(Dataset items)
---------------

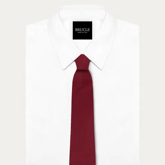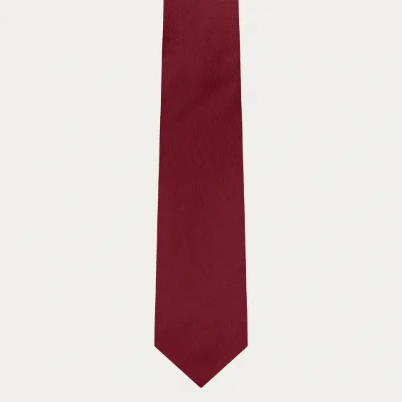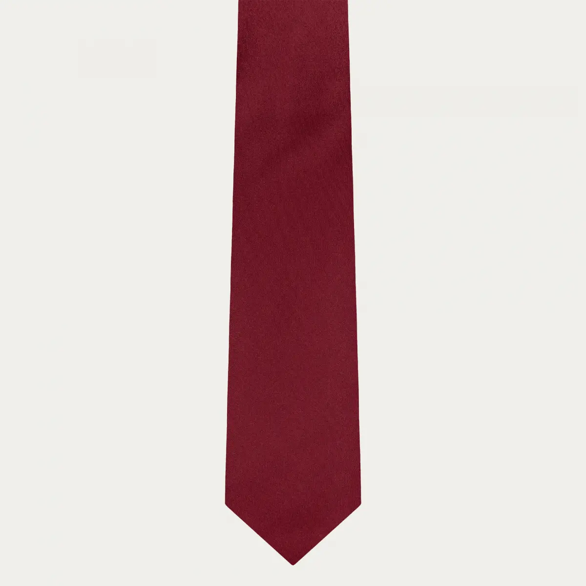 Elegante burgunderrote Seidensatin-Krawatte, ein vielseitiges und zeitloses Modell, leicht zu kombinieren.
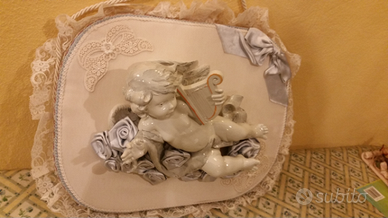 Realizzato negli anni 90 con putto di porcellana, integro, molto più vecchio, proveniente da collezione privata. Misure del quadro 40X30.
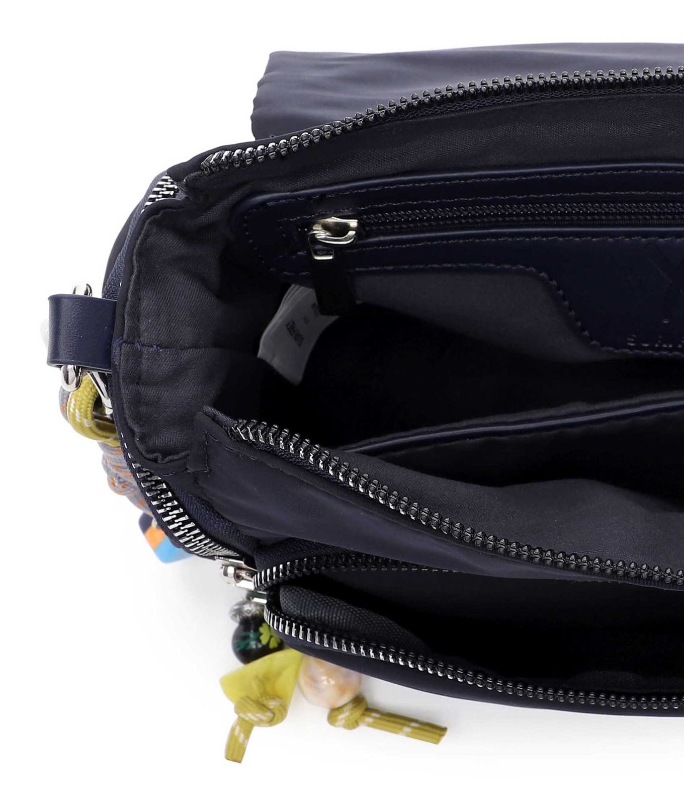 - cross body bag is closed with flap, magnetic closure and zipper
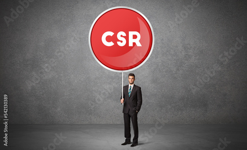 © ra2 studio, Obraz premium Young business person holdig traffic sign
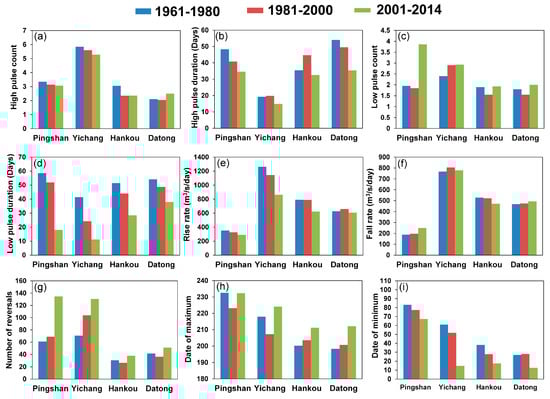 Changes in the parameters of group 2 at the gauges located on the main channel: (a) High pulse count; (b) high pulse duration; (c) low pulse count; (d) low pulse duration; (e) rise rate; (f) fall rate; (g) number of reversals; (h) date of annual maximum flow; and (i) date of annual minimum flow.
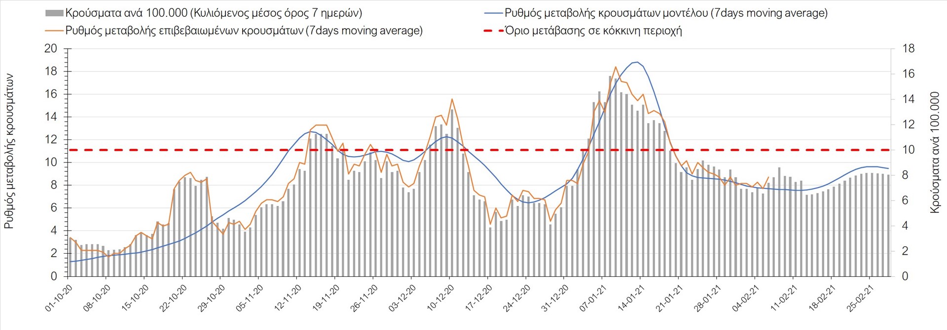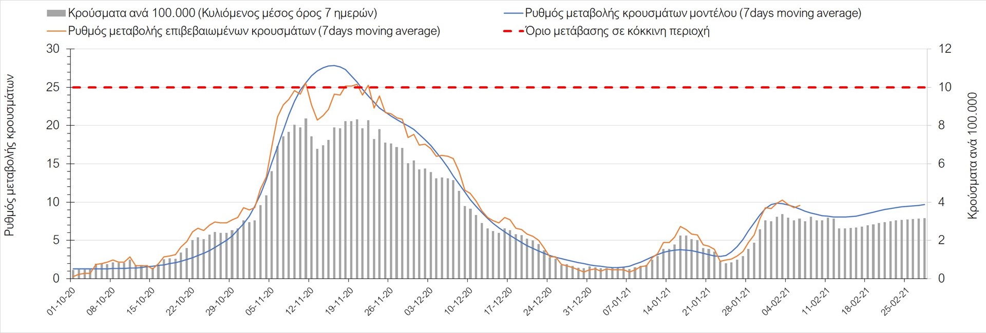Σχήμα 2. Αριθμός θανάτων (κυλιόμενος μέσος όρος 7 ημερών) σύμφωνα με τα στοιχεία του ΕΟΔΥ και τις προβλέψεις της υπολογιστικής πλατφόρμας CORE.Και στις δύο περιπτώσεις φαίνεται ότι πλέον ξεπερνάμε τη φάση της αποκλιμάκωσης (βλέπε σχήματα 1 και 2) και εισερχόμαστε σε νέα ανοδική τροχιά. Η πορεία της μέσης εβδομαδιαίας τιμής των κρουσμάτων, καθώς και του κυλιόμενου μέσου όρου 7 ημερών του αριθμού των κρουσμάτων ανά 100.000 πληθυσμού, όπως έχουν καταγραφεί από τον ΕΟΔΥ και η αναμενόμενη πορεία τους όπως προδιαγράφεται από την υπολογιστική πλατφόρμα CORE για την Ελληνική επικράτεια μέχρι το τέλος του Ιανουαρίου, αποτυπώνονται στο Σχήμα 3. Η ανάλυσή μας έχει επικαιροποιηθεί με βάση την απόφαση εφαρμογής αυστηρού lockdown από την Κυριακή 3 Ιανουαρίου μέχρι και τις 17 Ιανουαρίου. Στις 11 Ιανουαρίου λάβαμε υπόψη το άνοιγμα της πρωτοβάθμιας εκπαίδευσης, ενώ το άνοιγμα των βιβλιοπωλείων, κομμωτηρίων, λιανικού εμπορίου και των εμπορικών καταστημάτων από τη Δευτέρα 18/1, ενώ επιπλέον, έχει ληφθεί υπόψη το άνοιγμα τις δευτεροβάθμιας εκπαίδευσης από τη Δευτέρα 1 Φεβρουαρίου στις κίτρινες περιοχές. Στις κόκκινες περιοχές, από τη Δευτέρα 1 Φεβρουαρίου έχει γίνει άνοιγμα μόνο των Γυμνασίων (και συνεχίζεται το καθεστώς τηλε-εκπαίδευση για τα Λύκεια), στις οποίες επίσης, η λειτουργία του λιανεμπορίου θα πραγματοποιείται με τη μέθοδο click away, και η λειτουργία καταστημάτων ένδυσης, υπόδησης, βιβλιοπωλείων, κομμωτηρίων και καταστημάτων προσωπικής περιποίησης με προκαθορισμένο ραντεβού (click-in-a-shop) και με 1 άτομο ανά 25 τ.μ. Από το Σάββατο, έχουν ληφθεί υπόψιν τα περιοριστικά μέτρα που ανακοινώθηκαν την Παρασκευή (5 Φεβρουαρίου) για Αθήνα, Θεσσαλονίκη, Πάτρα, Χαλκίδα και Χαλκιδική και που τέθηκαν σε ισχύ από το Σάββατο 6 Φεβρουαρίου και μέχρι τη Δευτέρα 15 Φεβρουαρίου (εν αναμονή περαιτέρω ανακοινώσεων). Όπως φαίνεται από το διάγραμμα, από τις 8 Ιανουαρίου έχουμε μια αύξηση κρουσμάτων μέχρι τις 11 Ιανουαρίου η οποία οφείλεται στη μείωση της περιστολής που σημειώθηκε στις γιορτές. Από τις 11 μέχρι τις 18 Ιανουαρίου προβλεπόταν μια μείωση κρουσμάτων λόγω της εφαρμογής του lockdown και η οποία όντως παρατηρήθηκε. Εντούτοις, όπως είχαμε προβλέψει, από τις 23 Ιανουαρίου και έπειτα διαφαίνεται αύξηση στον κυλιόμενο μέσο όρο των κρουσμάτων. Η εφαρμογή των περιοριστικών μέτρων, σε συνδυασμό με την επικρατούσα μετεωρολογία πρόκειται να επιφέρει μια σταθεροποίηση ή και ελαφρά μείωση των κρουσμάτων τις επόμενες ημέρες. Παρ’ολ’αυτά, μετά από τις 17/2 προβλέπεται μια περαιτέρω αύξηση των κρουσμάτων.
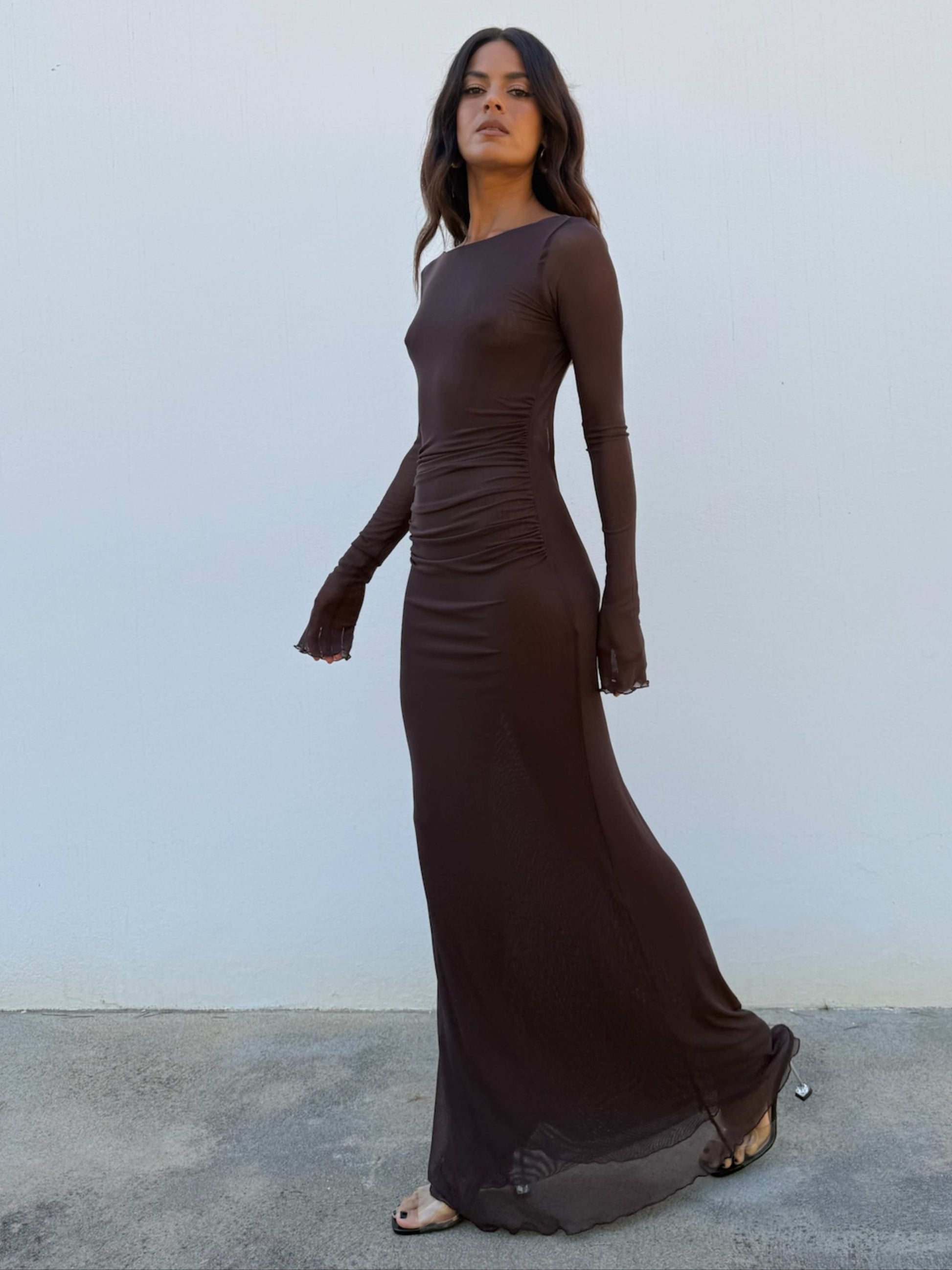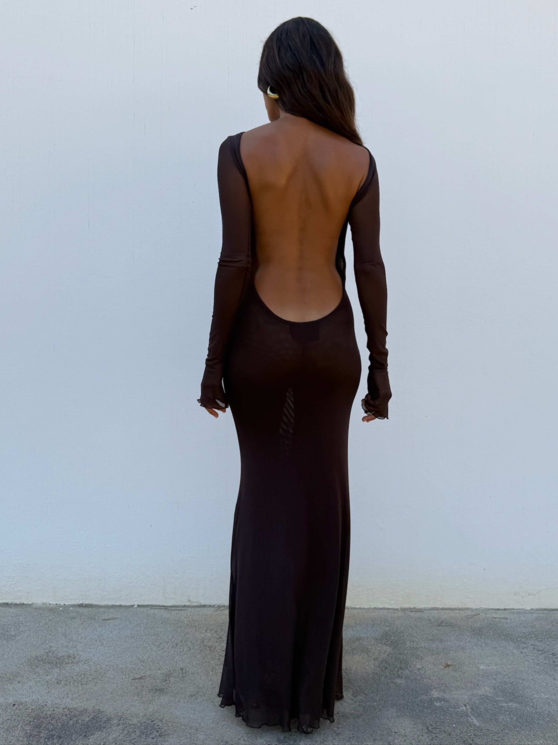 The Aloma signature, reimagined in earthy brown. The Lueur Maxi in mesh balances sleek minimalism with sheer seduction. Cut from semi-sheer stretch mesh, it skims the body with liquid ease, revealing just enough while leaving the rest to the imagination. Long sleeves temper the bold open back, creating a silhouette that is daring, elegant, and unapologetically modern.
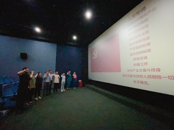 9月27日下午,首期“集体政治生日”活动来到电影《一山之隔》观看现场。6位在7-9月入党的教师党员和支部书记、委员代表共同参加活动。
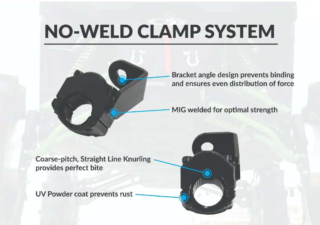 We know what we’re doing and we know the difference between track bars that rock and track bars that suck. Ours rock. Our clamps are big and beefy—our tests show that they won’t break when properly installed so there’s no need to weld. And even though they’re big, our clamps only hang down a couple inches to minimize clearance loss.
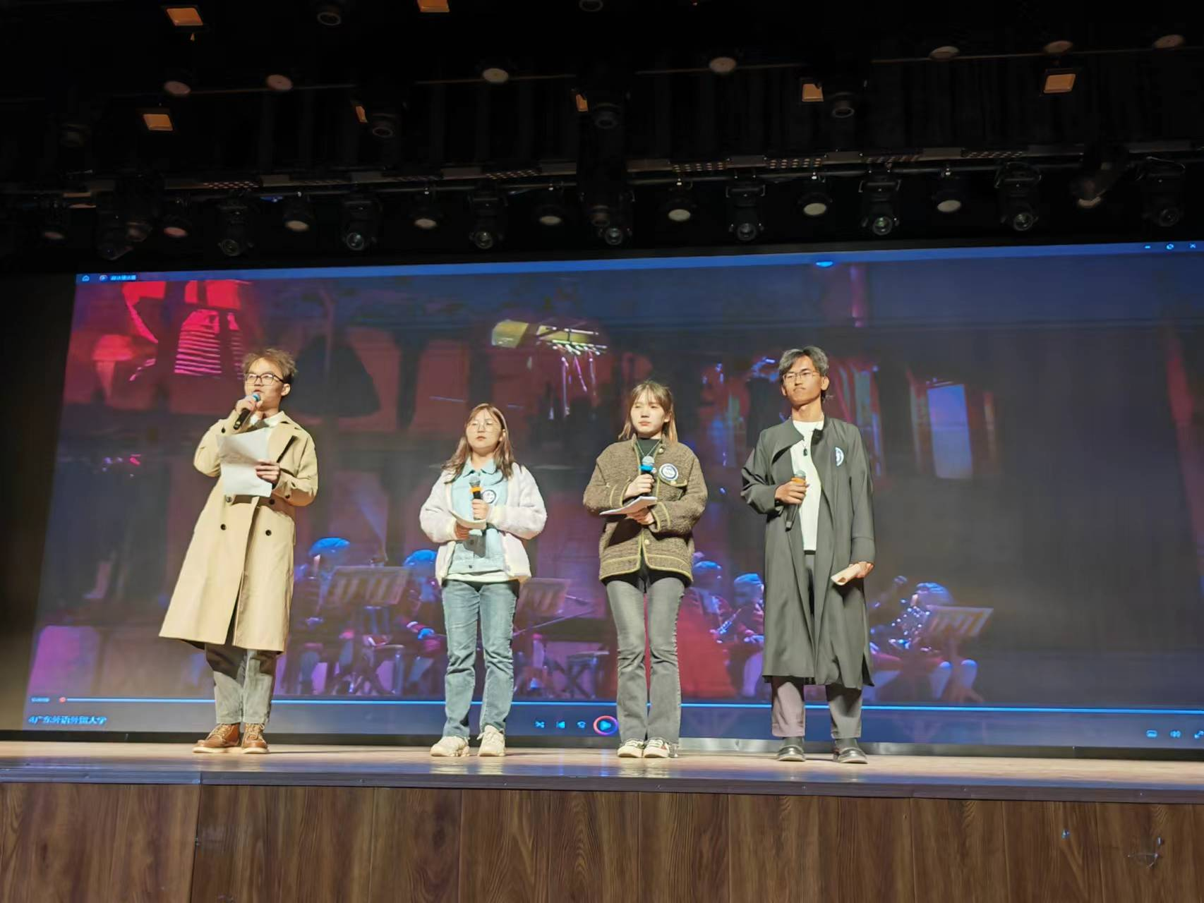 在第一轮自选片段演绎中,广外法语系代表队选取了音乐剧《摇滚莫扎特》中的片段。该片段具有鲜明的音乐剧特色,每一句话都饱含情感,人物语速快,表现方式夸张而不做作,准确把握情感表达的度也是一大挑战。最终,在外教Raymond Rocher以及黄超彬老师的指导下,代表队成员们在赛场上完美呈现了自选片段,表现力极强,得到了评委以及观众们的一致认可。
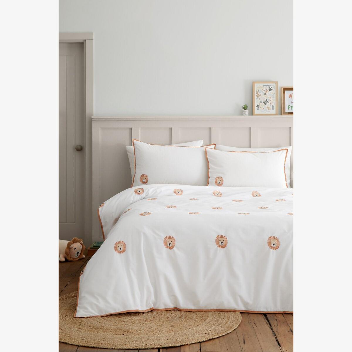 Roar into bedtime, where sleep time becomes a wild adventure! This lion-tastic design is bold, brave, and full of character. The contrasting piped detailing adds an extra pop of fun. Bedtime just got a whole lot wilder – let your little one's dream of jungle escapades and roaring good times. Created from easy-care recycled polyester and soft responsibly sourced cotton, perfectly blended for everyday use. Catherine Lansfield is renowned for style and quality - designed and developed in Great Britain. Made to quality and human-ecological safety standards, in accordance with MADE IN GREEN by OEKO-TEX®.Better Cotton- By choosing our cotton product, you're supporting Catherine Lansfield's investment in Better Cotton's mission. Better Cotton is sourced via a chain of custody model called mass balance, this means that this product may not contain Better Cotton, however Better Cotton Farmers benefit from the demand for Better Cotton in equivalent volumes to those used. Learn more at //bettercotton.org/learnmore52% POLYESTER 48% COTTONSizes Available: - 135x200 cm - 200x200 cm. This product will be dispatched by one of our trusted suppliers. You’ll be contacted by their selected courier about your delivery.

---------------

→ TASK TO CARRY OUT
Starting at the line that contains "We know what", restate every line through the end of the records exactly as written, but leave the pictures out.

→ ANSWER
 We know what we’re doing and we know the difference between track bars that rock and track bars that suck. Ours rock. Our clamps are big and beefy—our tests show that they won’t break when properly installed so there’s no need to weld. And even though they’re big, our clamps only hang down a couple inches to minimize clearance loss.
 在第一轮自选片段演绎中,广外法语系代表队选取了音乐剧《摇滚莫扎特》中的片段。该片段具有鲜明的音乐剧特色,每一句话都饱含情感,人物语速快,表现方式夸张而不做作,准确把握情感表达的度也是一大挑战。最终,在外教Raymond Rocher以及黄超彬老师的指导下,代表队成员们在赛场上完美呈现了自选片段,表现力极强,得到了评委以及观众们的一致认可。
 Roar into bedtime, where sleep time becomes a wild adventure! This lion-tastic design is bold, brave, and full of character. The contrasting piped detailing adds an extra pop of fun. Bedtime just got a whole lot wilder – let your little one's dream of jungle escapades and roaring good times. Created from easy-care recycled polyester and soft responsibly sourced cotton, perfectly blended for everyday use. Catherine Lansfield is renowned for style and quality - designed and developed in Great Britain. Made to quality and human-ecological safety standards, in accordance with MADE IN GREEN by OEKO-TEX®.Better Cotton- By choosing our cotton product, you're supporting Catherine Lansfield's investment in Better Cotton's mission. Better Cotton is sourced via a chain of custody model called mass balance, this means that this product may not contain Better Cotton, however Better Cotton Farmers benefit from the demand for Better Cotton in equivalent volumes to those used. Learn more at //bettercotton.org/learnmore52% POLYESTER 48% COTTONSizes Available: - 135x200 cm - 200x200 cm. This product will be dispatched by one of our trusted suppliers. You’ll be contacted by their selected courier about your delivery.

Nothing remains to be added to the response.